Dataset content »
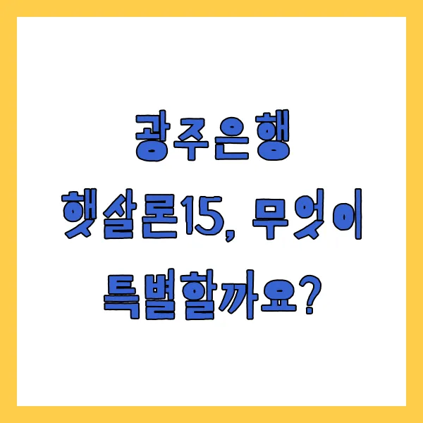광주은행 햇살론15, 무엇이 특별할까요?
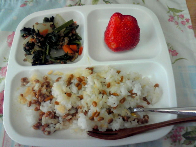 納豆ご飯は一番初めは食べてくれなかったので、お味噌汁に入れたりチャーハンにしたりいろいろしてきたけど食べなくて、最終わたしが納豆ご飯を食べるのをみて美味しそうに思ったのか、納豆ご飯食べるようになりました笑
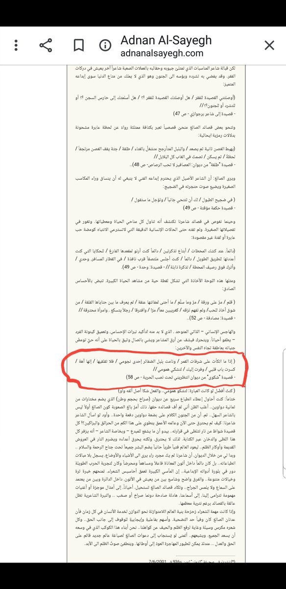 لكننا بالبحث نجد أن المقطع الجميل هو للشاعر العراقي عدنان الصائغ من قصيدته "شكوى"، كما يخبرنا هذا الرابط:

Aim of the task »
Return the material above exactly; the images stay out.

Answer to this task »
광주은행 햇살론15, 무엇이 특별할까요?
 納豆ご飯は一番初めは食べてくれなかったので、お味噌汁に入れたりチャーハンにしたりいろいろしてきたけど食べなくて、最終わたしが納豆ご飯を食べるのをみて美味しそうに思ったのか、納豆ご飯食べるようになりました笑
 لكننا بالبحث نجد أن المقطع الجميل هو للشاعر العراقي عدنان الصائغ من قصيدته "شكوى"، كما يخبرنا هذا الرابط:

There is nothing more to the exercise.